When mistakes mean bills

We had a student accumulate ~$78 dollars in bills at the end of the semester.

I took two approaches to analyzing this problem

The snapshots indicated that he had left two Aurora db.r7g.large instances stopped, and that he left the t4g.small running for 6 weeks. Snapshots don’t covera ll possible AWS services, and are a sparse data point unable to provide a clear picture of a student’s AWS use, to know whether billing resulted from a cloud assignment or personal use.

I tried to have claude examine his AWS usage more closely using the same role assumption authentication for autograding, but he has disabled his role. So I had it estimate the costs based on the resources we were able to see. It’s possible that the full $78 dollars was generated by leaving assignment resources running, but his bill screenshot showed service charges from WAF (not part of any cloud assignment) and data transfer (high considering assignment requirements).

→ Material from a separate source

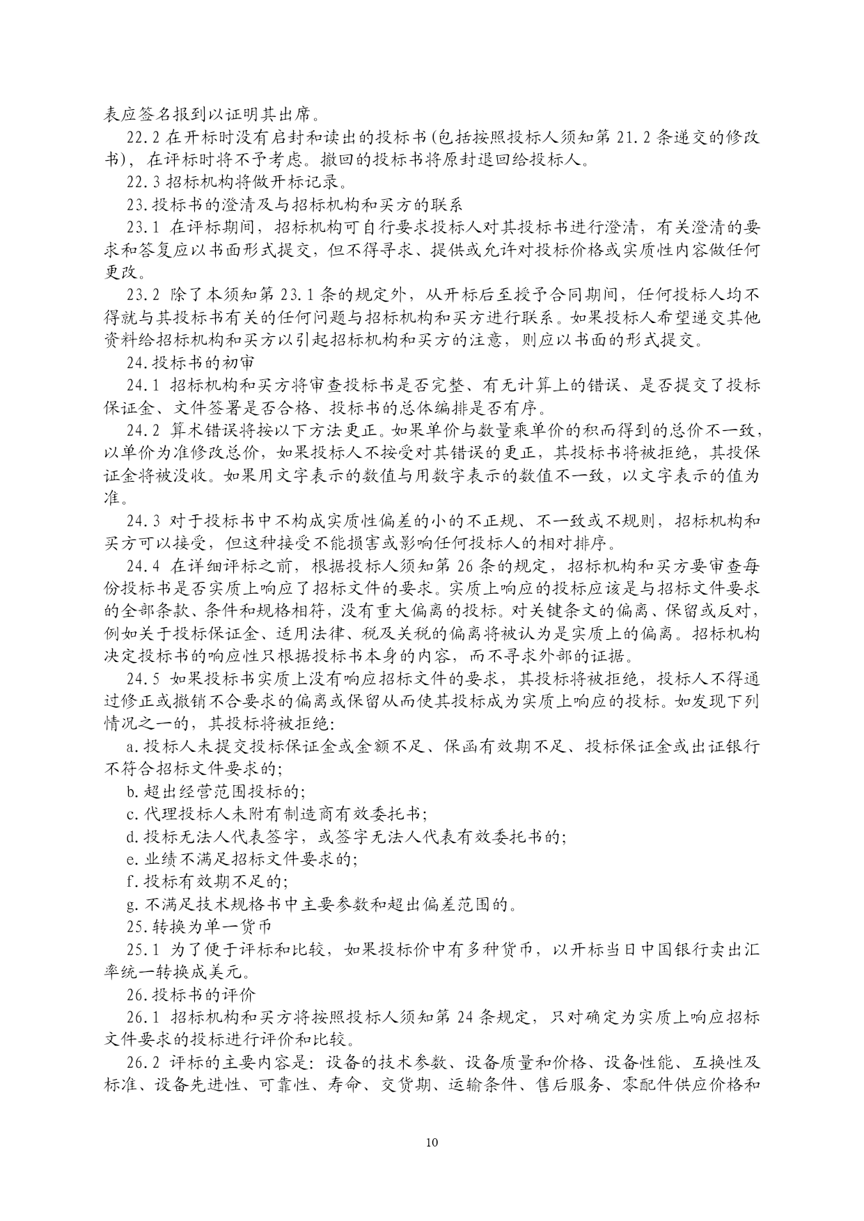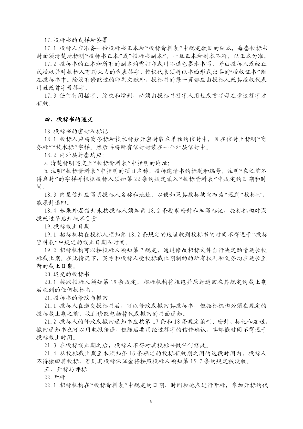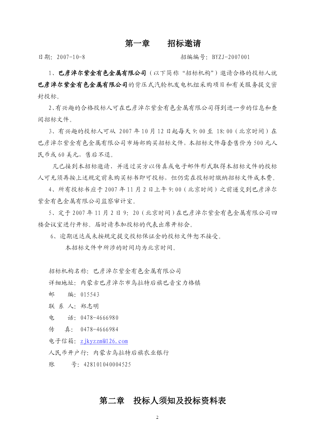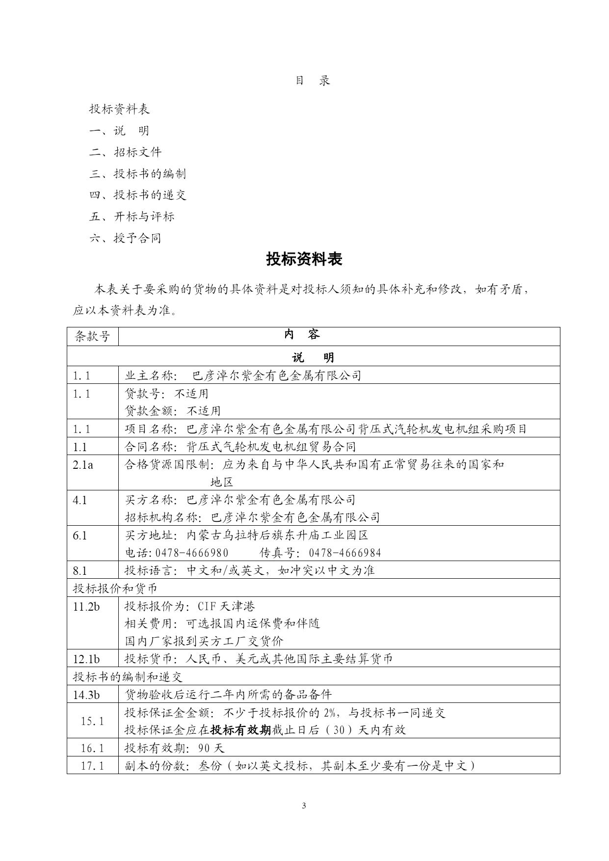 PAGEPAGE45机电产品采购国际竞争性招标文件招标编号:BYZJ-2007001招标项目名称:巴彦淖尔紫金有色金属有限公司:背压式汽轮机发电机组巴彦淖尔紫金有色金属有限公司二00七年十月第一章招标邀请日期:2007-10-8招编编号:BYZJ-20070011、巴彦淖尔紫金有色金属有限公司(以下简称“招标机构”)邀请合格的投标人就巴彦淖尔紫金有色金属有限公司的背压式汽轮机发电机组采购项目和有关服务提交密封投标。2、有兴趣的合格投标人可在巴彦淖尔紫金有色金属有限公司得到进一步的信息和查阅招标文件。3、有兴趣的投标人可从2007年10月12日起每天9:00至18:00(北京时间)在巴彦淖尔紫金有色金属有限公司市场部购买招标文件,本招标文件每套售价为500元人民币或60美元,售后不退。凡已接到本招标邀请,并通过买方以传真或电子邮件形式取得本招标文件的投标人可无须再按上述规定前来购买标书即可投标,但仍需在投标时缴纳招标文件成本费。4、所有投标书应于2007年11月2日上午9:00(北京时间)之前递交到巴彦淖尔紫金有色金属有限公司监察审计室。5、定于2007年11月2日9:20(北京时间)在巴彦淖尔紫金有色金属有限公司四楼会议室进行开标。届时请参加投标的代表出席开标会。6、逾期送达或未按规定提交投标保证金的投标文件恕不接受。本招标文件中所涉的时间均为北京时间。招标机构名称:巴彦淖尔紫金有色金属有限公司详细地址:内蒙古巴彦淖尔市乌拉特后旗巴音宝力格镇邮编:015543联系人:郑志明电话:0478-4666980传真:0478-4666984电子信箱:HYPERLINK"mailto:zjkyzzm@126.com"zjkyzzm@126.com人民币开户行:内蒙古乌拉特后旗农业银行账号:428101040004525第二章投标人须知及投标资料表目录投标资料表一、说明二、招标文件三、投标书的编制四、投标书的递交五、开标与评标六、授予合同投标资料表本表关于要采购的货物的具体资料是对投标人须知的具体补充和修改,如有矛盾,应以本资料表为准。条款号内容说明1.1业主名称:巴彦淖尔紫金有色金属有限公司1.1贷款号:不适用贷款金额:不适用1.1项目名称:巴彦淖尔紫金有色金属有限公司背压式汽轮机发电机组采购项目1.1合同名称:背压式气轮机发电机组贸易合同2.1a合格货源国限制:应为来自与中华人民共和国有正常贸易往来的国家和地区4.1买方名称:巴彦淖尔紫金有色金属有限公司招标机构名称:巴彦淖尔紫金有色金属有限公司6.1买方地址:内蒙古乌拉特后旗东升庙工业园区电话:0478-4666980传真号:0478-46669848.1投标语言:中文和/或英文,如冲突以中文为准投标报价和货币11.2b投标报价为:CIF天津港相关费用:可选报国内运保费和伴随国内厂家报到买方工厂交货价12.1b投标货币:人民币、美元或其他国际主要结算货币投标书的编制和递交14.3b货物验收后运行二年内所需的备品备件15.1投标保证金金额:不少于投标报价的2%,与投标书一同递交投标保证金应在投标有效期截止日后(30)天内有效16.1投标有效期:90天17.1副本的份数:叁份(如以英文投标,其副本至少要有一份是中文)18.2a投标书递交至:巴彦淖尔紫金有色金属有限公司18.2b招标邀请标题和编号:巴彦淖尔紫金有色金属有限公司的背压式汽轮机发电机组采购项目项目编号:BYZJ-200700119.1投标截止期:2007年11月2日上午9:00(北京时间)22.1开标日期:2007年11月2日时间:上午9:20(北京时间)地点:巴彦淖尔紫金有色金属有限公司四楼会议室授予合同31.1数量及服务变更引起价格增减变更范围:投标报价15%一、说明1.资金来源1.1“投标资料表”中所述的业主(或借款人)已获得一笔“投标资料表”中所述的资金/贷款,用于支付“投标资料表”中所述项目的费用,业主(或借款人)计划将一部分资金/贷款用于支付本次招标后所签订的合同项下的合格款项。2.合格的投标人2.1除非下文另有规定,凡是来自中华人民共和国国内或是与中华人民共和国有正常贸易往来的国家和地区(以下简称“合格来源国”)的投标人均可投标。投标人不得直接或间接地与买方为采购本次招标的货物进行设计、编制规范和其他文件所委托的咨询公司或其附属机构有任何联系。只有在法律上和财务上独立,按照商业法运作并独立于买方和招标机构的投标人才能参加投标。3.合格的货物和服务3.1合同中提供的所有货物及其有关服务

These are clues something else is going on, but the instructional site does not have enough data to perform a proper accounting. The student billing feature doesn’t run on a cron, nor does the individual snapshot, which is an oversight I never attended to. I’ve recommended he go into AWS Cost Explorer and export the data as a CSV we can inspect.

Let’s consider how we’ll remedy this in the future:

Daily cost tracking is cheap (one or two API calls on a cron), and should have been the default already. CS351-specific labels was never implemented in a cloud assignment, but can be a pre-requisite for passing a cloud assignment, allowing us to enforce a billing attribution structure in student accounts. Per-student assignment budgets requires us to estimate the cost of completing a cloud assignment, so we can set thresholds for alerts. We can do a better job helping students manage costs by verifying a student has properly torn down an assignment’s resources, either by pro-active monitoring after they get a perfect score, or by having the autograder for later assignments verify previous assignment infrastructure has been torn down.

Cloud Assignment 4

The assignment took most students just under 2 hours to complete. It’s an atypical assignment, it was an easier one, and students had 18 working days instead of the usual 10. Let’s take a look at the assignment graphs.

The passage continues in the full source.